The mass retirement of the baby boom generation is fast approaching, and it seems like a looming nightmare: 76 million Americans transformed overnight into legions of the elderly, swathed in robes and slippers and consuming social spending that amounts to nearly six times the current U.S. gross domestic product. But in his new book, The Long Baby Boom: An Optimistic Vision for a Graying Generation, Jeff Goldsmith argues that a doomsday scenario isn’t necessarily the only one the country faces. There is another, much brighter future on the horizon, and whether you’re a “Set for Life,” “Might Be OK” or “Struggling and Anxious” boomer, Goldsmith’s book has a plan — and a corresponding fictional representative — for you.
The president of Health Futures Inc., Goldsmith advocates a “pro-work, pro-savings, pro-health-improvement” social policy that gives central importance to the argument that boomers’ plans for retirement are markedly different than those of past generations. Despite lingering images others may have of the 1960s’ all-play mentality, he stresses the importance of work in aging boomer lives, claiming that longer life expectancy and healthier aging have changed our culture’s perception of the “golden years” to include working into our early 70s. The case for the boomers’ continued presence in the work force is indeed an attractive one, economically speaking, and though it would require compromises such as flexible work schedules, technology-focused retraining and a radical shift in how society views older workers, Goldsmith argues that the benefits would be manifold.
Indeed, older citizens’ prolonged employment is an integral part of the author’s plan for keeping Social Security afloat. Benefit payments are expected to exceed payroll deductions within the next decade, and while he rejects calls to raise the eligibility age, Goldsmith does support reforms, including voluntary deferral of Social Security payments and a gradual phasing out of the early-eligibility option by which many start collecting benefits at 62. These changes — along with tax revenues from workers over 65 and a modest increase in payroll taxes — are expected to fill the funding gap that the so-called “catastrophists” predict as the first step toward national bankruptcy.
Goldsmith dedicates a significant portion of his book to plans for reforming Medicare — the “Mount Everest” of federal entitlement programs — and advocates a four-part program that would modernize the system in preparation for the vast numbers of people who will soon be enrolled. Improving communication between health care providers caring for the same patient, eliminating the need for supplemental insurance and creating a “single point of contact” for patients in the health care system, he argues, would make for a more user-friendly program, reducing the confusion inherent in its design. His plan also suggests permitting people to buy into Medicare at 55 and enabling working boomers to defer enrollment past 65, reforms that would allow many to remain in the workplace and benefit those who would otherwise be uninsured as they shift to part-time employment.

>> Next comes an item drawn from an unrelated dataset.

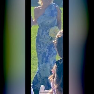 Chic one shoulder design with floral print. Features a stylish bow accent. Ideal for special events. It had been hemmed to fit 5’3 with 2 inch heel

The Long Baby Boom makes a well-crafted argument that the problems associated with the aging of the baby boom generation need not be earth shattering. Written in a friendly style supplemented with historical explanation, the book is an accessible take on a potentially bewildering topic, and though the effort to draw in readers with fictional stories of his three different types of boomers is too full of clichés to be completely successful, Goldsmith’s novelistic forays don’t detract too much from his otherwise straightforward approach. Complex subjects like healthy aging and the large array of retirement options are considered with care and tied into his principal argument: The generation now moving into its golden years will not retire in the traditional sense but continue to work — and continue to change the social fabric of the country, as it has for half a century.